The left-right adjectives are not normally necessary for modules, because the module M is usually given as a left or right R-module at the outset. However, it is possible that M may have both a left and right R-module structure, and then calling M Artinian is ambiguous, and it becomes necessary to clarify which module structure is Artinian. To separate the properties of the two structures, one can abuse terminology and refer to M as left Artinian or right Artinian when, strictly speaking, it is correct to say that M, with its left R-module structure, is Artinian.

The occurrence of modules with a left and right structure is not unusual: for example R itself has a left and right R-module structure. In fact this is an example of a bimodule, and it may be possible for an abelian group M to be made into a left-R, right-S bimodule for a different ring S. Indeed, for any right module M, it is automatically a left module over the ring of integers Z, and moreover is a Z-R-bimodule. For example, consider the rational numbers Q as a Z-Q-bimodule in the natural way. Then Q is not Artinian as a left Z-module, but it is Artinian as a right Q-module.

The Artinian condition can be defined on bimodule structures as well: an Artinian bimodule is a bimodule whose poset of sub-bimodules satisfies the descending chain condition. Since a sub-bimodule of an R-S-bimodule M is a fortiori a left R-module, if M considered as a left R-module were Artinian, then M is automatically an Artinian bimodule. It may happen, however, that a bimodule is Artinian without its left or right structures being Artinian, as the following example will show.

Example: It is well known that a simple ring is left Artinian if and only if it is right Artinian, in which case it is a semisimple ring. Let R be a simple ring which is not right Artinian. Then it is also not left Artinian. Considering R as an R-R-bimodule in the natural way, its sub-bimodules are exactly the ideals of R. Since R is simple there are only two: R and the zero ideal. Thus the bimodule R is Artinian as a bimodule, but not Artinian as a left or right R-module over itself.
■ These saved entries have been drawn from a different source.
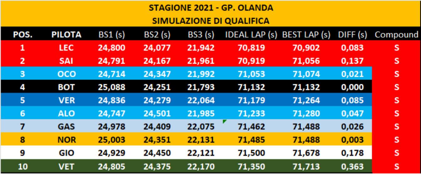 Se osserviamo i tempi possiamo notare che la situazione è molto più starndard rispetto a quanto avevamo visto in qualifica. Verstappen si è dimostrato molto veloce e costante con le rosse mentre Bottas ha faticato di più con il compound più morbido. Il pilota finlandese è andato decisamente meglio con le gialle anche se lo stint è stato molto corto per capire l’effettivo degrado di questa mescola. A parità di mescola soft la Ferrari è stata più lenta rispetto alla McLaren di Norris (3 decimi), all’Alpine (2 decimi). Se confrontiamo lo stint di Leclerc con Ocon, entrambi con gomme gialle, notiamo che la differenza a favore del pilota francese è si 2 decimi. Questo ci potrebbe indicare che il team di Maranello sta preparando molto bene la qalifica in quanto, come scritto sopra, potrebbe risultare fondamentale per il buon andamento della gara.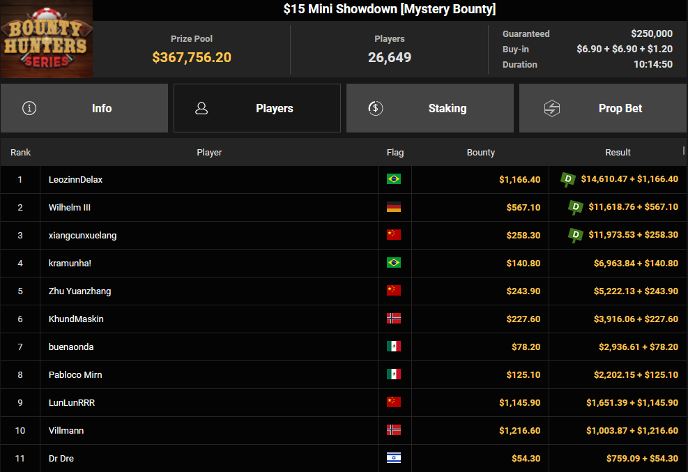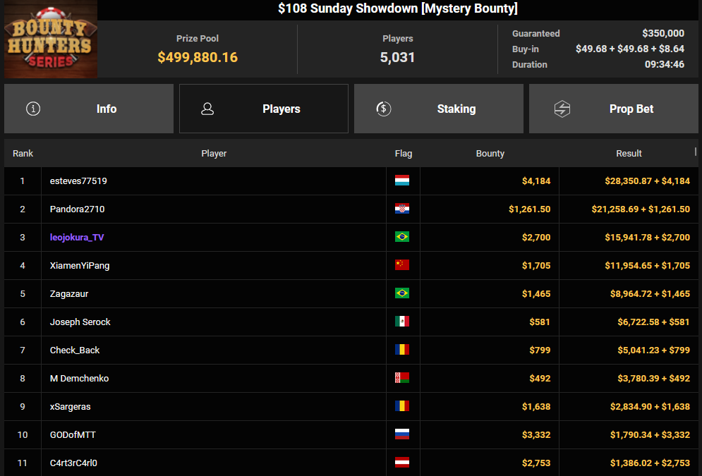 Während es bei den High Roller und anderen Turnieren sehr gut für die DACHs lief, war der Sonntag bei der Bounty Hunters Series eher durchwachsen. Wilhelm III kassierte $11.618 +$567 beim $15 Mini Showdown Mystery Bounty. Der Luxemburger esteves77519 2 setzte sich bei der $108 Sunday Showdown Ausgabe durch und wurde mit $28.350 + $4.184 belohnt.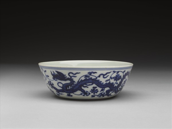 敞口,淺壁,底心凸起,淺圈足。薄胎白釉,碗心及外壁分畫龍鳳各一條,隙地飾以纏枝花卉,口足內外加飾青線六道。底有青花書「大明嘉靖年製」二行六字楷款,外加雙圈。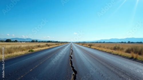 Naklejka premium Asphalt Road Ahead Showing a Crack in the Pavement Extending to the Horizon Under a Clear Blue Sky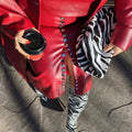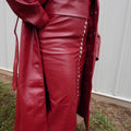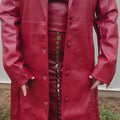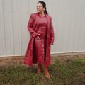 This best-selling silhouette is back by popular demand! This high-waisted midi skirt features a form-fitting silhouette that flatters every figure. Crafted from buttery vegan leather, it offers a luxurious feel without compromising on ethics. The full placket of silver metal snaps and the deep red spices up the look making it versatile piece for both day and night wear.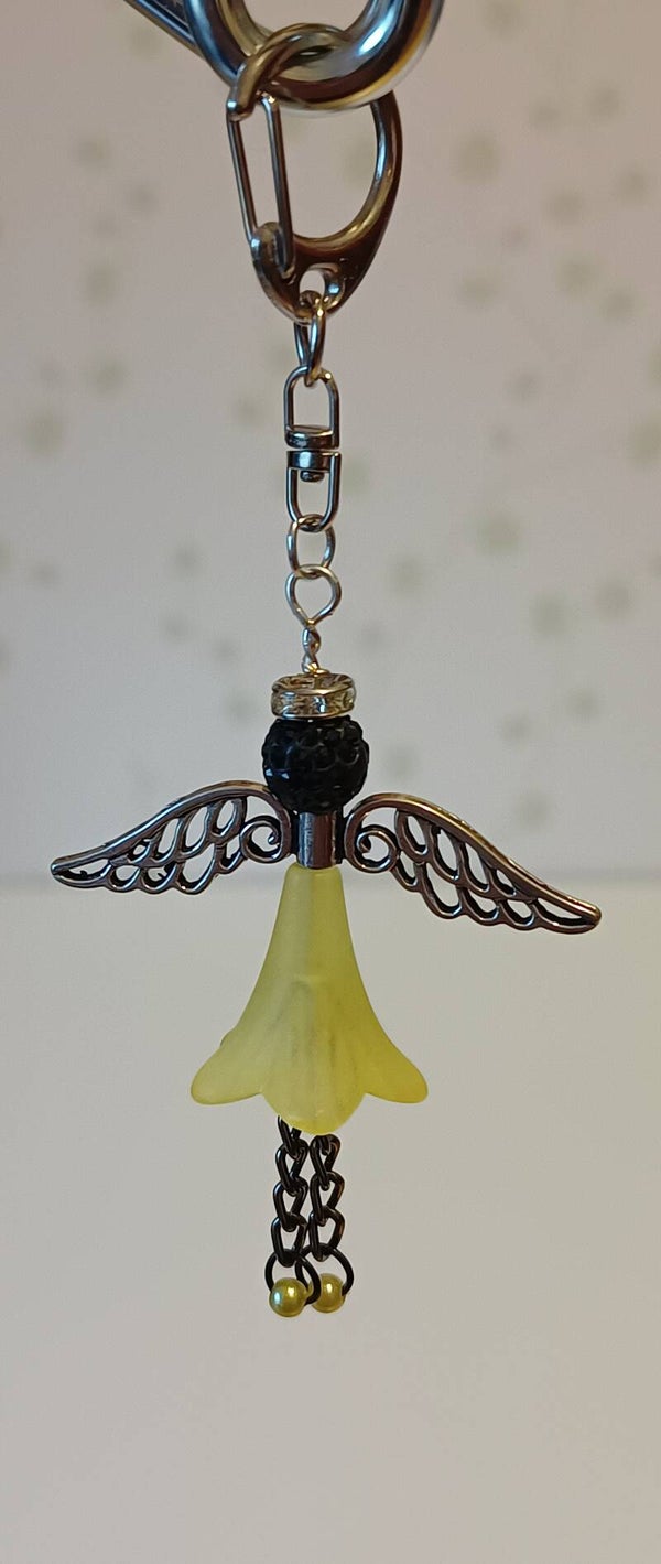 Denna lyckoängel har silverfärgade vingar med ornament och huvudet är en svart pärla med glänsande stenar. Ängeln har en stor gul klänning och två matchande pärlor som fötter.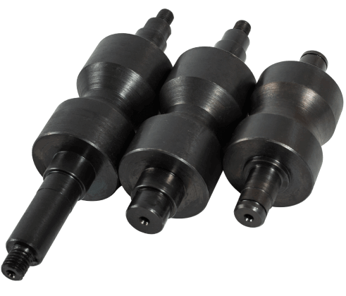 В отличие от них центральный вал трубогиба Удачный сделан в виде бочонка. Валок легко прокатывает широкий профиль без заминания. Мягко углубляет излишки металла внутрь профиля и не деформирует его форму.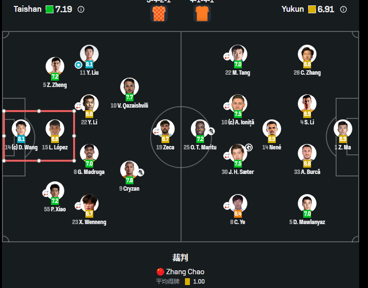 最后时刻,两队不断有威胁进攻出现,但距离进球均差一点运气。最终,双方1-1踢平,山东泰山无缘复仇。本场比赛中,中卫洛佩斯的表现堪称拙劣,9次对抗仅有3次胜出,作为一名拿着高薪的外援中卫,这样的表现确实难以令人满意。而王大雷则被迫做出了7次扑救,最终评分8.1为全场最高,包含替补球员在内洛佩斯6.6分则是全队最低。这场比赛,无疑给山东泰山敲响了警钟,也让我们看到了王大雷的英勇与坚韧。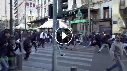 Οπαδοί της ομάδας του ΠΑΟΚ που είχαν σκοπό να φτάσουν στη Νέα Σμύρνη για τον αγώνα με τον Πανιώνιο συναντήθηκαν στο κέντρο της Αθήνας με εκατοντάδες λαθρομετανάστες από το Πακιστάν που πραγματοποιούσαν πορεία για τα γενέθλια του Μωάμεθ.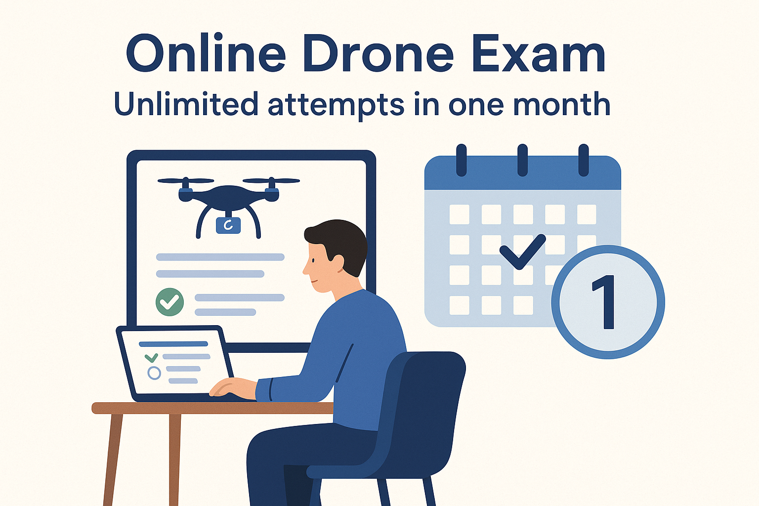 Forget the stress and cost of traveling to a test center. Droneclass allows you to attend your official exam from the comfort of your home or office. Using your webcam for secure online proctoring, our system ensures exam integrity while providing a comfortable, familiar environment. All you need is a stable internet connection to take this crucial step on your schedule.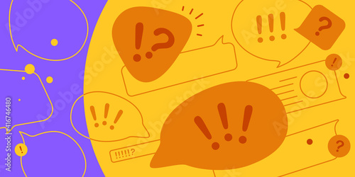 Warning sign, face with voice recognition interface, envelopes with alert symbols. Ideal for communication failure, caution, error, system notification, cybersecurity, spam filtering and digital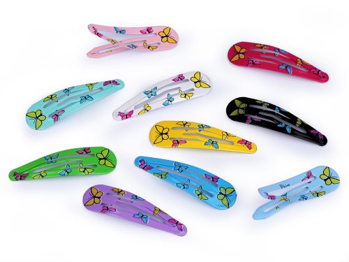 Mix barevných sponek s potiskem ocení všechny malé parádnice. Jsou vyrobené z kvalitního materiálu, který dlouho drží svůj tvar, funkčnost i barvy. Sponky jsou umístěné na papírové kartě s výsekem pro zavěšení a vystavení sponek. Na kartě je 10 sponek. Barvy jednotlivých sponek na kartě se mohou lišit.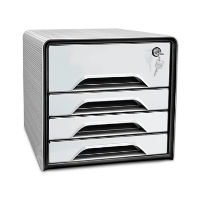 Euroffice4 sliding drawers accept documents and files up to 240 x 320mm. Made from 100% recyclable shock resistant polystyrene. Stackable. Ergonomic handles. 3 x slim drawers and 1 x larger drawer. Larger drawer is lockable for security. Colour: White.
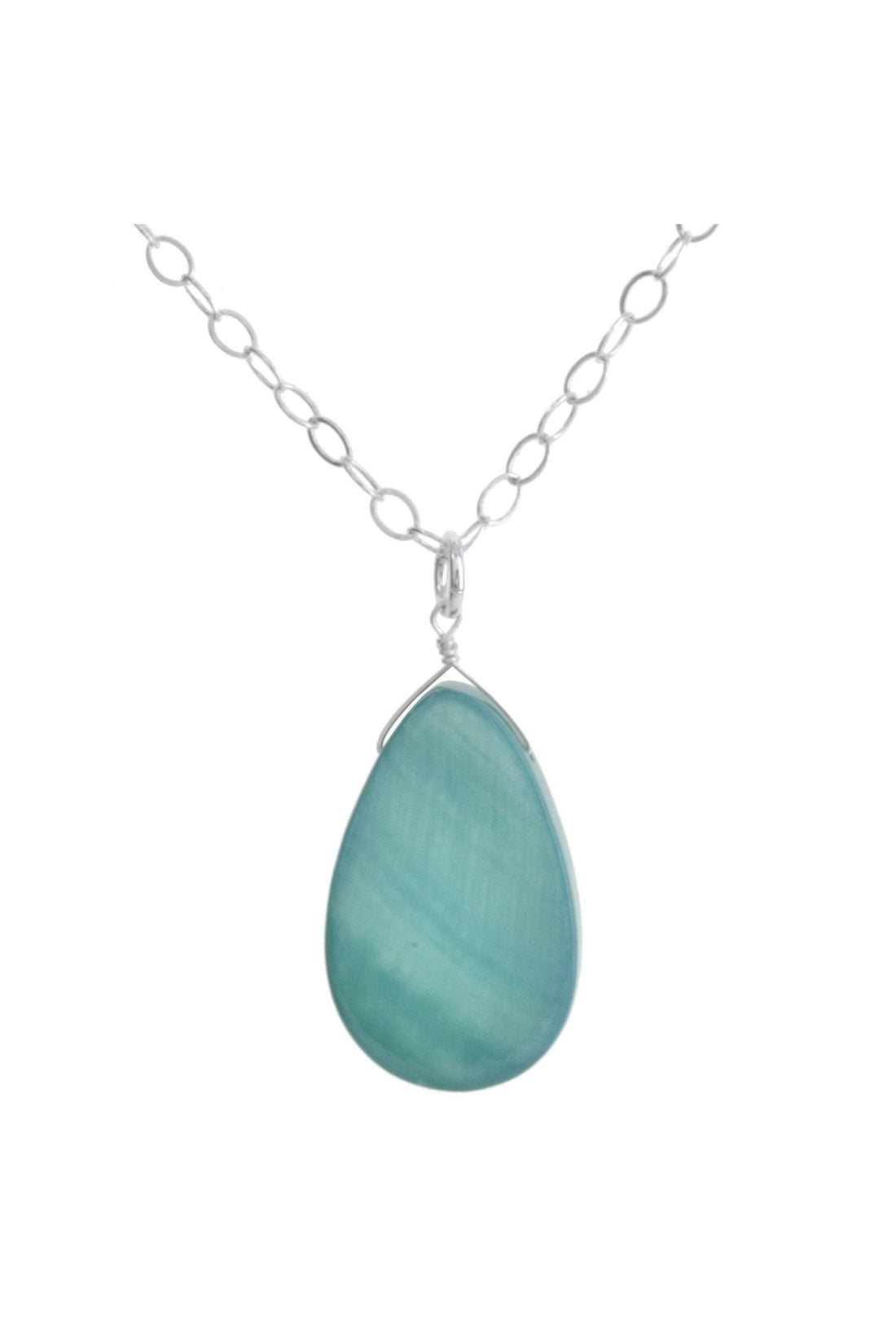 Light Blue Mother of Pearl Dangle Teardrop Necklace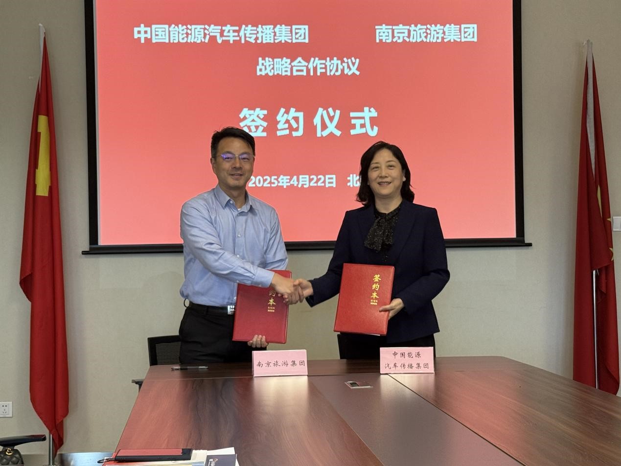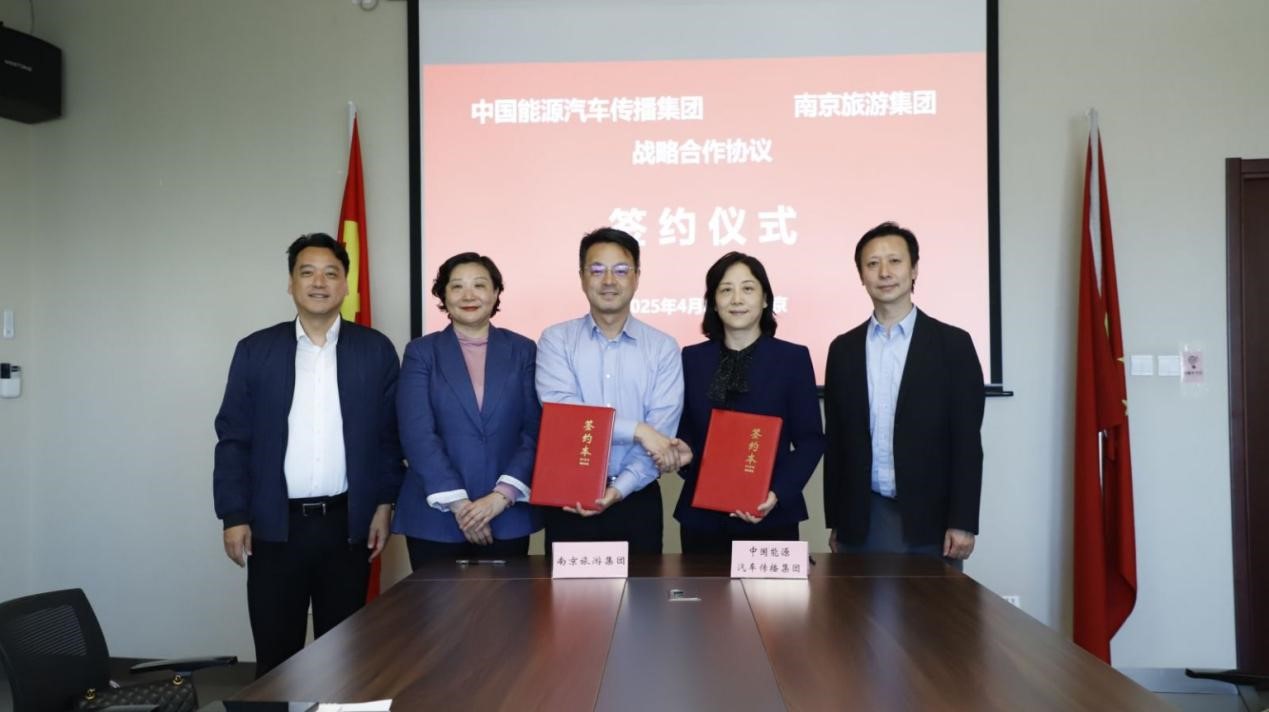2025年4月22日,中國(guó)能源汽車傳播集團(tuán)與南京旅游集團(tuán)在人民日?qǐng)?bào)社新媒體大廈簽署戰(zhàn)略合作協(xié)議。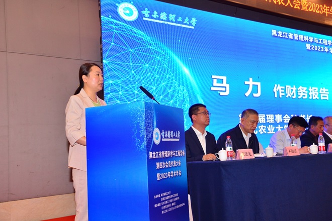 东北农业大学马力秘书长作《黑龙江省管理科学与工程学会第二届理事会财务报告》并宣读《黑龙江省管理科学与工程学会章程》修改草案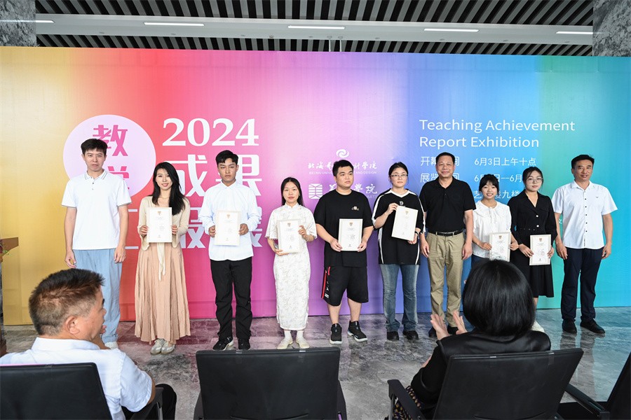 开幕式现场,到场领导及嘉宾为此次展览获奖学生现场颁奖。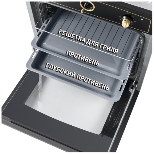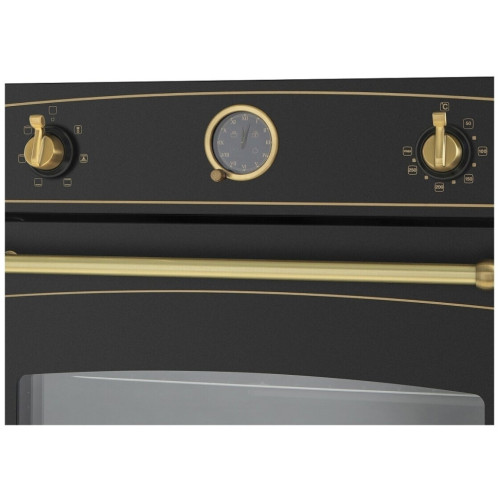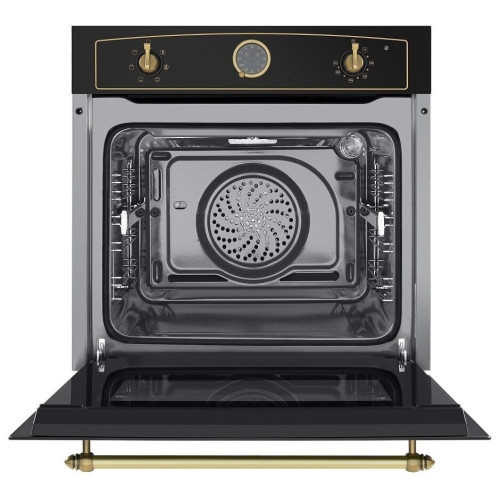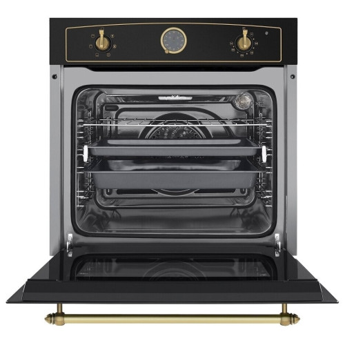 Незначительно потребление электроэнергии, эмаль легкой очистки, высококачественные материалы изготовления – это лишь малая часть причин ради которых стоит духовой шкаф MAUNFELD MEOFE 676RBG TM. Вместе с этим можно выделить и более, чем полезные функции: верхний и нижний нагрев, конвекция, гриль, размораживание, холодный фронт и внутреннее освещение, позволяющее держать под контролем весь процесс приготовления блюда. Также невозможно не уделить внимание и уникальному дизайну устройства, придающему любой кухне более стильного вида и даже некой оригинальности. Независимый тип установки, класс энергопотребления А, 7 основных режимов, аналоговый таймер, съемная дверца, панорамное внутреннее стекло дверцы Smatr Eye, плавное закрытие дверцы, холодный фронт, эмаль легкой очистки, объем 67 л. 1. Функция размораживания 2. Функция верхнего и нижнего нагрева/традиционный режим приготовления 3. Функция конвекции с верхним и нижним нагревом/интенсивная выпечка 4. Функция конвекции с нижним нагревом 5. Функция Гриль 6. Функция Гриль с конвекцией 7. Внутренний свет/освещение Комплектация: Один стандартный поддон Один глубокий поддон Одна решетка Стеклянный протвень из жаропрочного стекла SHOTT(Германия) - в опции Хромированные боковые направляющие Телескопические направляющие Тройное стекло дверцы, доводчик дверцы, цельнометаллические полнотелые рустикальные ручки управления и дверцы духовки (фурнитура - матовое золото) Цвет Черный Ширина 600 мм Тип управления Механическое Объем 67 л Тип электрическая независимая духовка Функции 7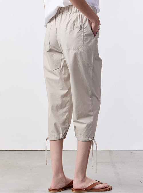 Cintura elastizada con cordón para ajustar, cerramiento al frente con botón y cierre oculto bajo solapa para facilitar el acceso, cuatro bolsillos aplicados y jareta en botamanga para ajustar.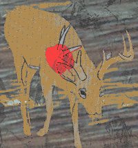 The vital areas of the Whitetail deer include the brain, spinal column, jugular vein (which runs through the neck), lungs, heart and the liver. A deer hit in any one of these areas will not travel far. However, the heart lung area offers the largest target and should be your preferred shot. The ideal shot would be one where the deer is standing in the open and in a broadside position under 30 yards away. In the woods a deer rarely presents this type of shot, they are partially screened by brush and vegetation, moving or at a less than ideal range for a clean kill. Regardless of the circumstances the best bet is to aim for the heart-lung area. See the chart below for some possible shots that may be presented:

==Relation to the Noetherian condition==
Unlike the case of rings, there are Artinian modules which are not Noetherian modules. For example, consider the p-primary component of $\mathbb{Q}/\mathbb{Z}$, that is $\mathbb{Z}[1/p] / \mathbb{Z}$, which is isomorphic to the p-quasicyclic group $\mathbb{Z}(p^\infty)$, regarded as $\mathbb{Z}$-module. The chain $\langle 1/p \rangle \subset \langle 1/p^2 \rangle \subset \langle 1/p^3 \rangle \subset \cdots$ does not terminate, so $\mathbb{Z}(p^\infty)$ (and therefore $\mathbb{Q}/\mathbb{Z}$) is not Noetherian. Yet every descending chain of submodules terminates, since any proper submodule has the form $\langle 1/n \rangle$ for some integer $n$ and is therefore a finite set; so $\mathbb{Z}(p^\infty)$ is Artinian.

Note that $\mathbb{Z}[1/p] / \mathbb{Z}$ is also a faithful $\mathbb{Z}$-module. So, this also provides an example of a faithful Artinian module over a non-Artinian ring. This does not happen for Noetherian case; if M is a faithful Noetherian module over A then A is Noetherian as well.

Over a commutative ring, every cyclic Artinian module is also Noetherian, but over noncommutative rings cyclic Artinian modules can have uncountable length as shown in the article of Hartley and summarized in the Paul Cohn article dedicated to Hartley's memory.

Another relevant result is the Akizuki–Hopkins–Levitzki theorem, which states that the Artinian and Noetherian conditions are equivalent for modules over a semiprimary ring.